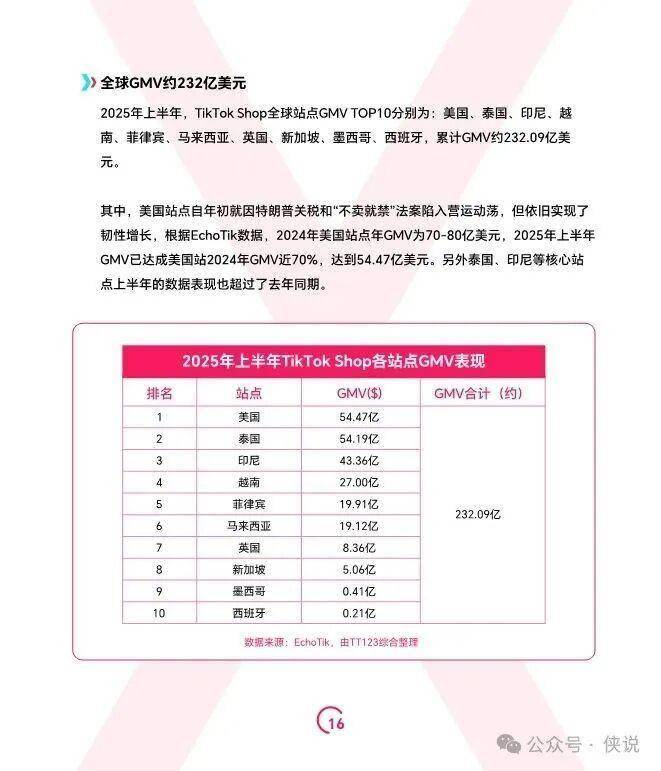 尽管面临特朗普超高关税、TikTok禁令延期等动荡,TikTok Shop 2025上半年全球GMV仍突破232亿美元,逼近年度增长目标。超低价内卷战略退场,“短视频+直播带货”成中国卖家突围核心路径。
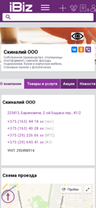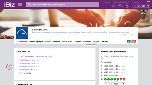 | AI-анализ | This website is for the Belarusian company Скиналий ООО, located in Baranovichy at 2-ой Бадака пер., 41/2. The company specializes in the production of countertops (postforming), skirting boards, facades, window sills, kitchens, and corpus furniture. They also offer photo-printed wall panels. The website provides contact information, including several phone numbers and a map scheme for reaching the company. The main products and services are mebel'nya furniture, komplektuyuji (completing components), mebel' korpusnaya (corpus furniture), and dsp stoletsnica (countertop production). |
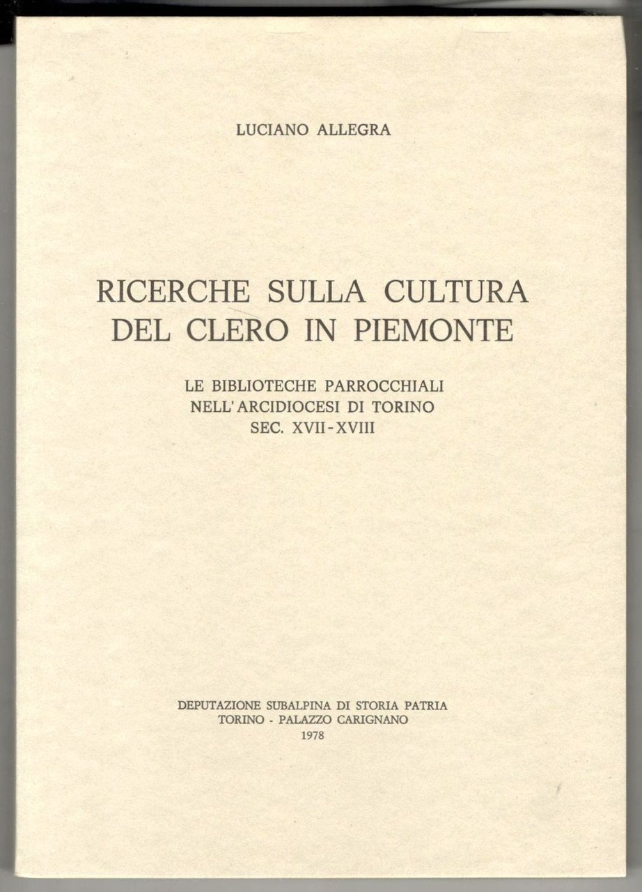 Ricerche sulla cultura del clero in Piemonte. Le biblioteche parrocchiali nell'Arcidiocesi di Torino sec. XVII-XVIII
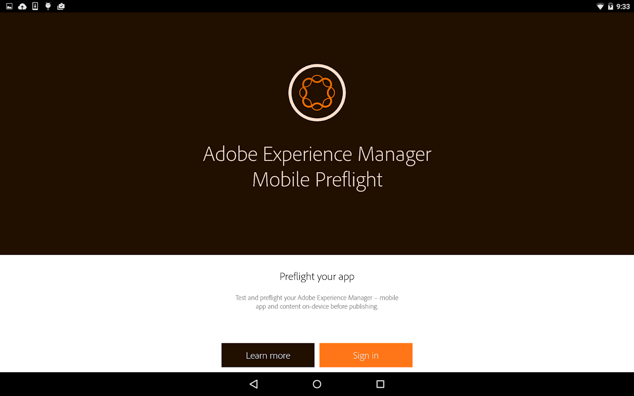 Adobe Experience Manager – Mobile Preflight allows you to test and preview your Adobe Experience Manager – Mobile app and content on-device, before you publish it. For use in the Adobe Experience Manager – Mobile workflow, this app helps you ensure your content appears the way you intended it when viewed on a device. You can also test app navigation, browse pages, interactivity and more — and iterate as necessary. The Adobe Experience Manager – Mobile Preflight app also enables collaborative workflows between clients and agency partners — allowing agencies to share apps and content, and clients to review as they’re produced.

- **What you are asked to do**
Repeat the listing above exactly from its first line to the line containing "Ricerche sulla cultura", both included, and omit the pictures.

- **Exercise response**
 尽管面临特朗普超高关税、TikTok禁令延期等动荡,TikTok Shop 2025上半年全球GMV仍突破232亿美元,逼近年度增长目标。超低价内卷战略退场,“短视频+直播带货”成中国卖家突围核心路径。
 | AI-анализ | This website is for the Belarusian company Скиналий ООО, located in Baranovichy at 2-ой Бадака пер., 41/2. The company specializes in the production of countertops (postforming), skirting boards, facades, window sills, kitchens, and corpus furniture. They also offer photo-printed wall panels. The website provides contact information, including several phone numbers and a map scheme for reaching the company. The main products and services are mebel'nya furniture, komplektuyuji (completing components), mebel' korpusnaya (corpus furniture), and dsp stoletsnica (countertop production). |
 Ricerche sulla cultura del clero in Piemonte. Le biblioteche parrocchiali nell'Arcidiocesi di Torino sec. XVII-XVIII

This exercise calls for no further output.